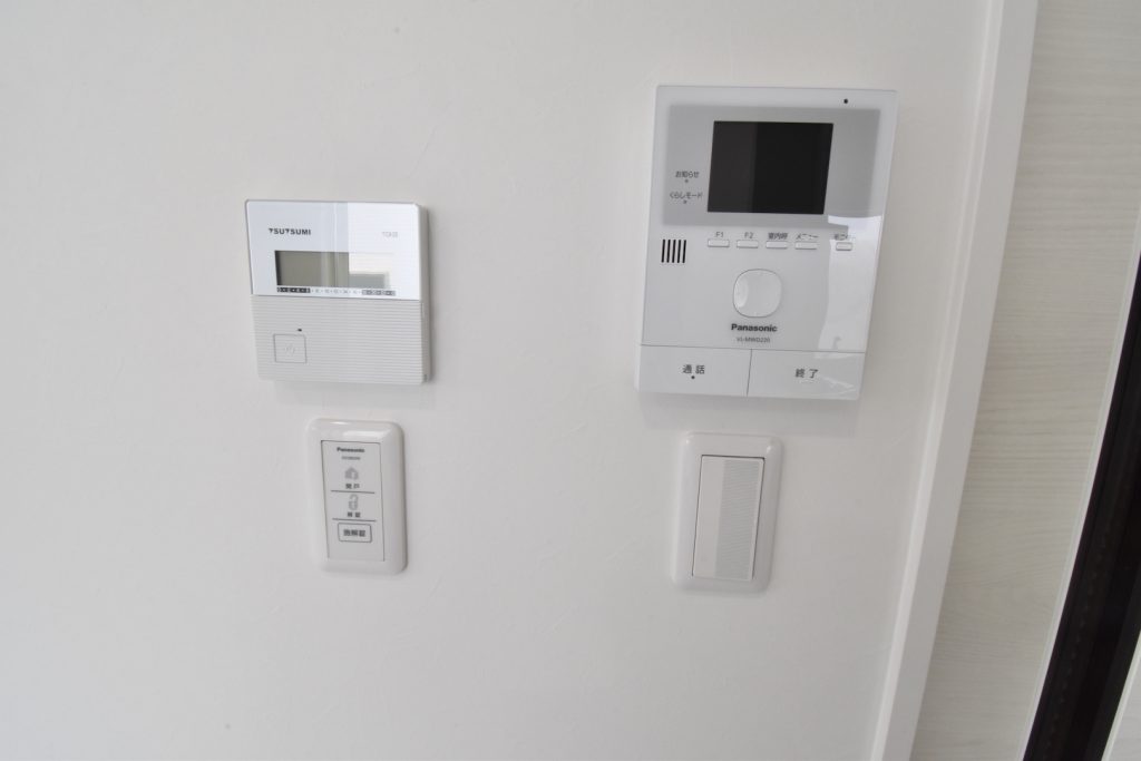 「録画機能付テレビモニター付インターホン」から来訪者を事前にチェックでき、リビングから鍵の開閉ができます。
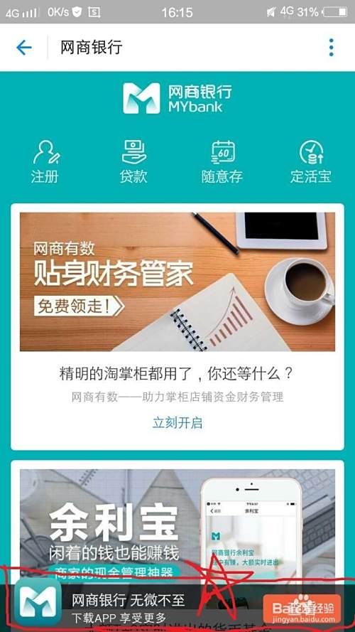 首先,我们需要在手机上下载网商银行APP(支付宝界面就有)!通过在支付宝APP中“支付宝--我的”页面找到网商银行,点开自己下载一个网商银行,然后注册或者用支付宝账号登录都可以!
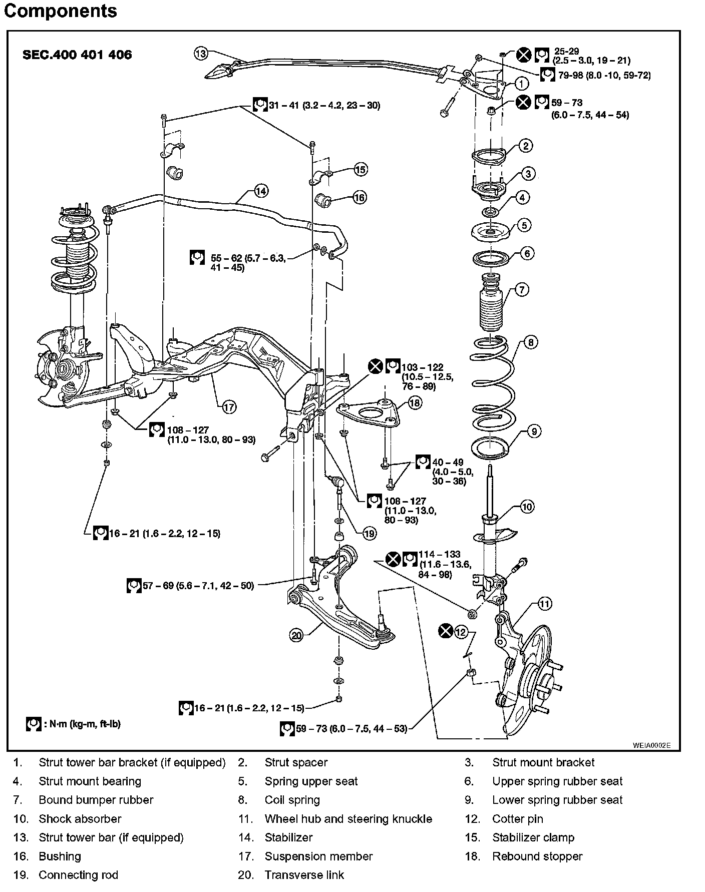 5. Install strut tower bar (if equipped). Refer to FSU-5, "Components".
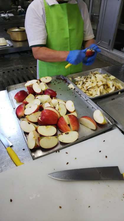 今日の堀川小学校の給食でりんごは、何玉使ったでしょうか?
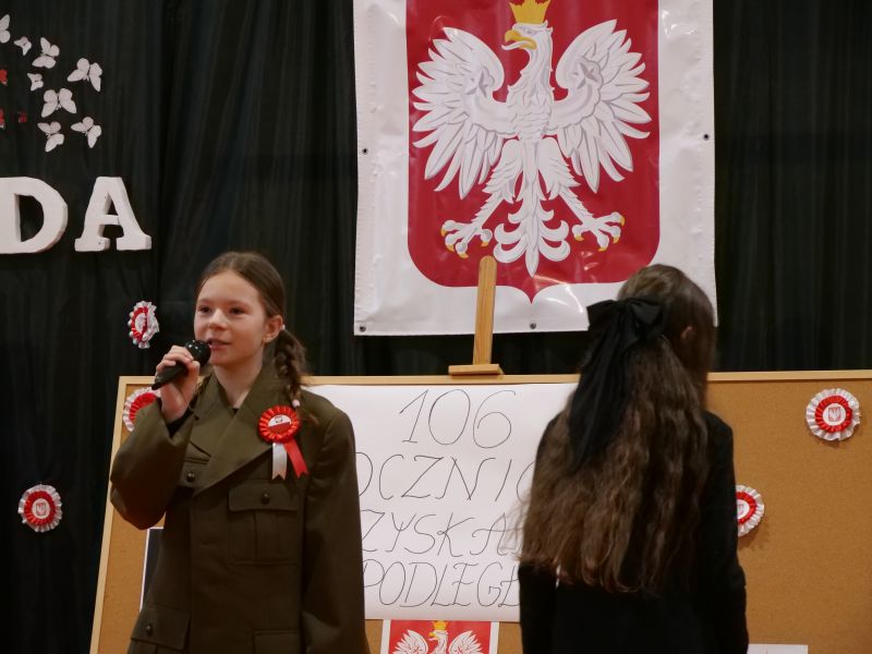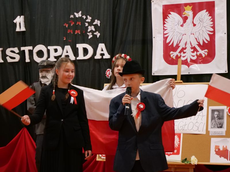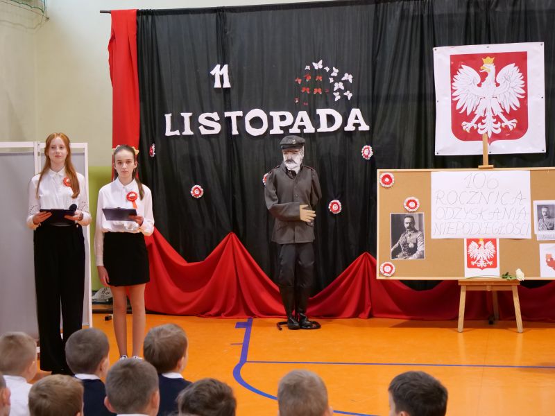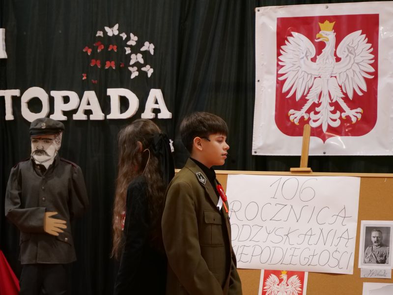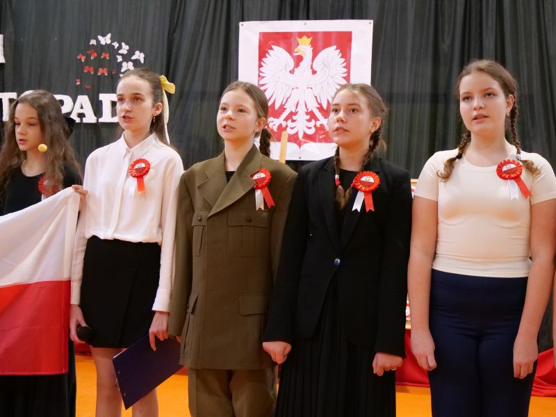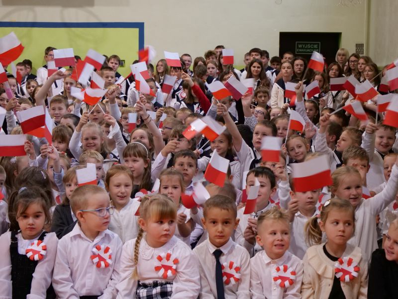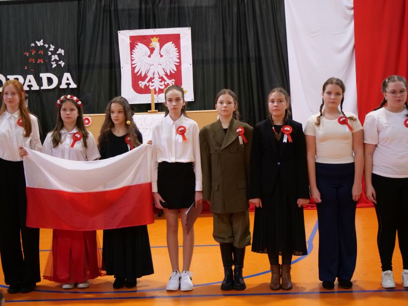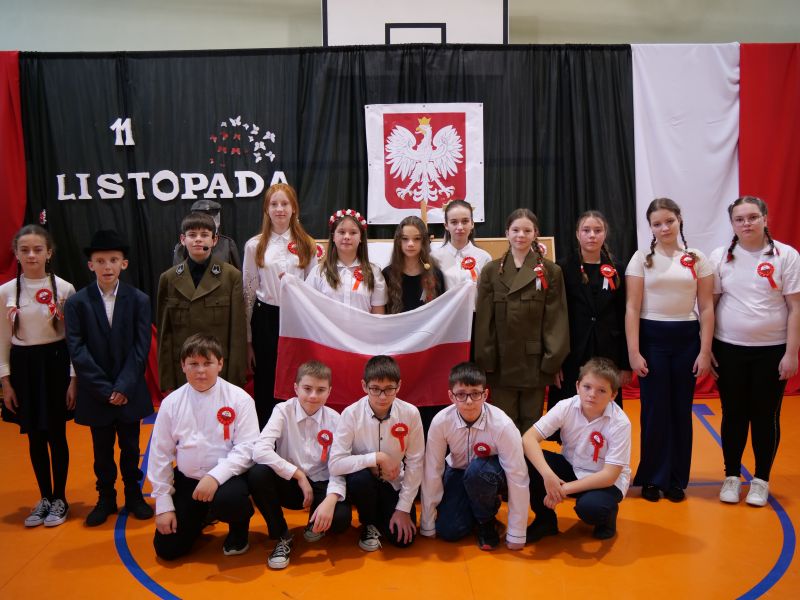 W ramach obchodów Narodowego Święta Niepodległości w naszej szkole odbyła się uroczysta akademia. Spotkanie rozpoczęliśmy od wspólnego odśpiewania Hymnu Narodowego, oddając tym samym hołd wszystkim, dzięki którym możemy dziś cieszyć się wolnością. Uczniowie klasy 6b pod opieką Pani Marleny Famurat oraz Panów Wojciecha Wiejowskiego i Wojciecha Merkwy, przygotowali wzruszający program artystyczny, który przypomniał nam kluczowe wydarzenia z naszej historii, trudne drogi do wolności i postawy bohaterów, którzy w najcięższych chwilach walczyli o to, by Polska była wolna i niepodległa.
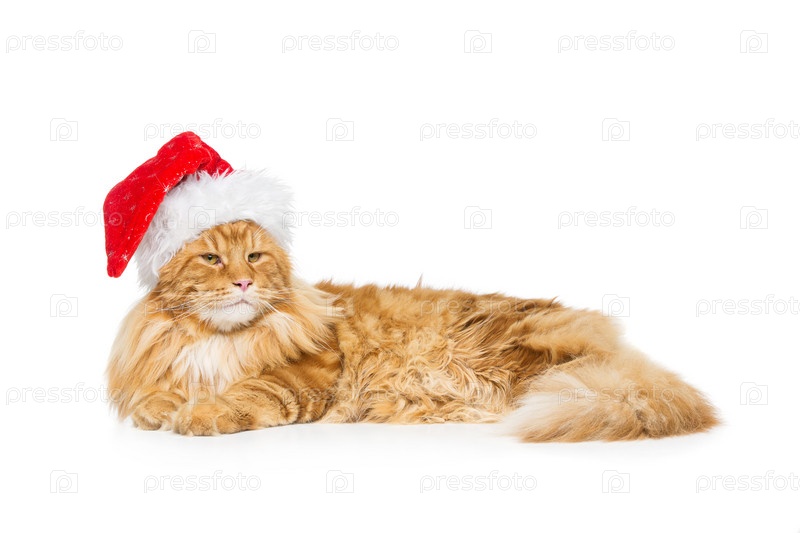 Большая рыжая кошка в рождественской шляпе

════════

▶ Aim of the task
Which lines run from the one that holds "W ramach obchodów" to the final line of the records above? Return them exactly, and skip the pictures.

▶ Solution
 W ramach obchodów Narodowego Święta Niepodległości w naszej szkole odbyła się uroczysta akademia. Spotkanie rozpoczęliśmy od wspólnego odśpiewania Hymnu Narodowego, oddając tym samym hołd wszystkim, dzięki którym możemy dziś cieszyć się wolnością. Uczniowie klasy 6b pod opieką Pani Marleny Famurat oraz Panów Wojciecha Wiejowskiego i Wojciecha Merkwy, przygotowali wzruszający program artystyczny, który przypomniał nam kluczowe wydarzenia z naszej historii, trudne drogi do wolności i postawy bohaterów, którzy w najcięższych chwilach walczyli o to, by Polska była wolna i niepodległa.
 Большая рыжая кошка в рождественской шляпе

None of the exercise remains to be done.